Why compute old_log_probs via forward pass instead of generate() scores?
This was the most critical debugging finding in the project. HuggingFace's model.generate() returns scores that have been processed by internal logit processors - in Qwen2.5-Coder-7B, this resulted in 152,063 out of 152,064 vocabulary tokens being set to -inf, even with top_k=0. The model's own generation config applies aggressive filtering that cannot be disabled through standard parameters.
This caused a systematic log-prob mismatch: during rollout, log_softmax over the filtered scores normalized over ~1-4 tokens, while score() during PPO update used a clean forward pass normalizing over the full 152k vocabulary. The same token received different log-probs depending on which path computed them, inflating approx_kl to ~3 and permanently saturating PPO's clipping mechanism.
The fix was to stop using generate() scores entirely for log-prob computation.

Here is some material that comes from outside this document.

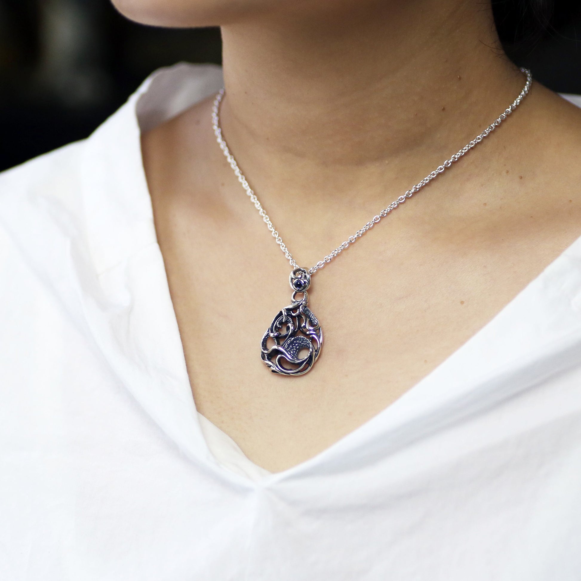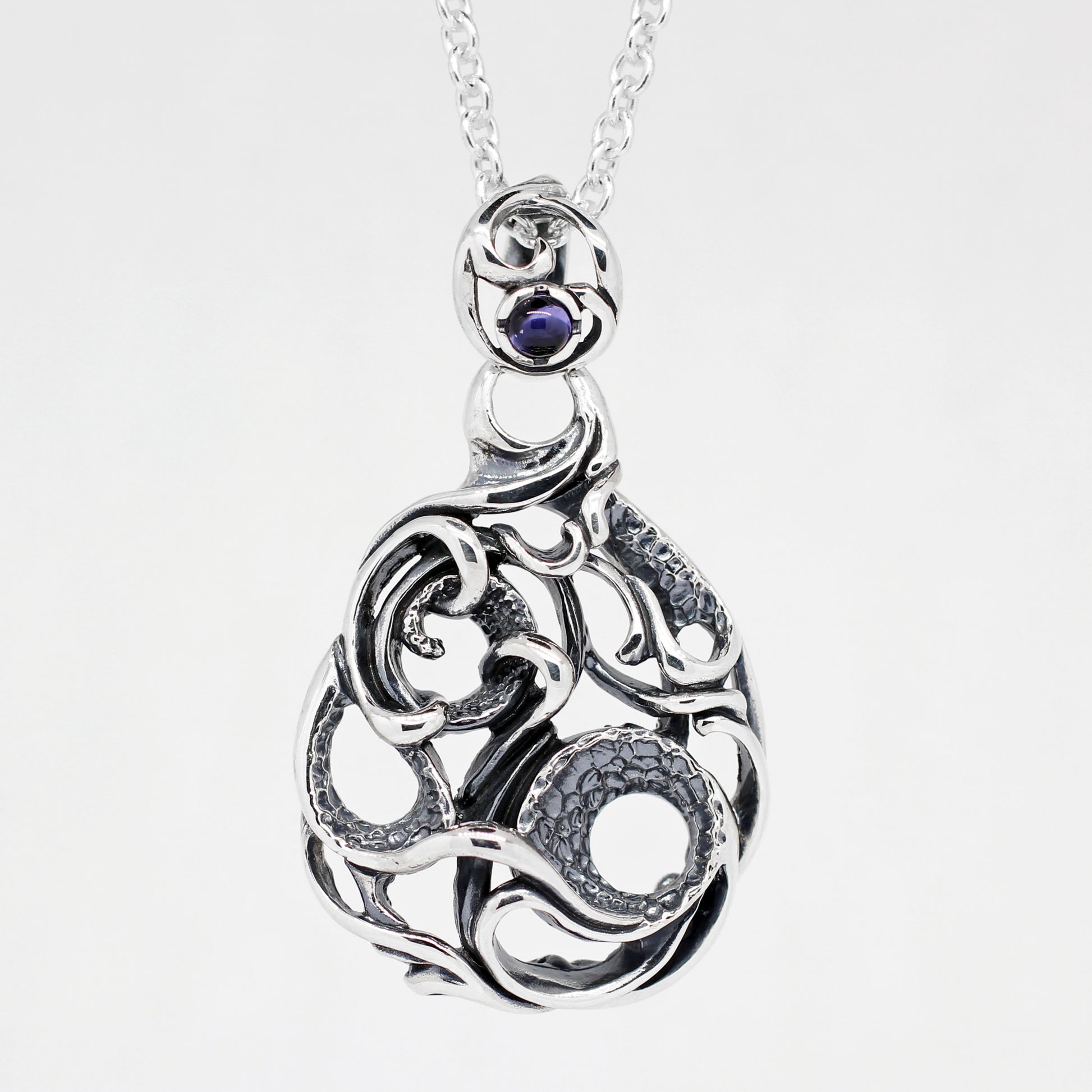 躍動感のある曲線の繋がりを雫型のシルエットで表現し、バチカンパーツに『アイオライト』をセット。

After generate() produces the token sequence, a separate forward pass computes old_log_probs from raw model logits - the exact same method score() uses. This brings approx_kl down to ~0.007.
The debugging process went through three stages:
- Prefix scoring mismatch brought approx_kl from ~12 to ~3 (rollout scored only 2 of 4-5 prefix tokens; fix: both sides skip prefix and score only continuation tokens)
- False leads -
top_k=0, reducing PPO epochs, disabling LoRA dropout - none addressed the remaining ~3 - Root cause - the thorough debug script revealed the logit processor filtering, leading to the forward pass fix that resolved the issue completely
Why a stratified train/eval split?
Rare degradation types (prompt3acp = 12 problems, prompt2cp = 35 problems) could end up entirely in one set with a random split. The stratified split groups problems by their rarest variant and splits each group proportionally, guaranteeing all 7 types appear in both sets.
Why ast.literal_eval and not json.loads for test cases?
HumanEvalComm stores test cases as Python-literal strings (single-quoted dicts), not JSON. json.loads will fail on them. Always use ast.literal_eval.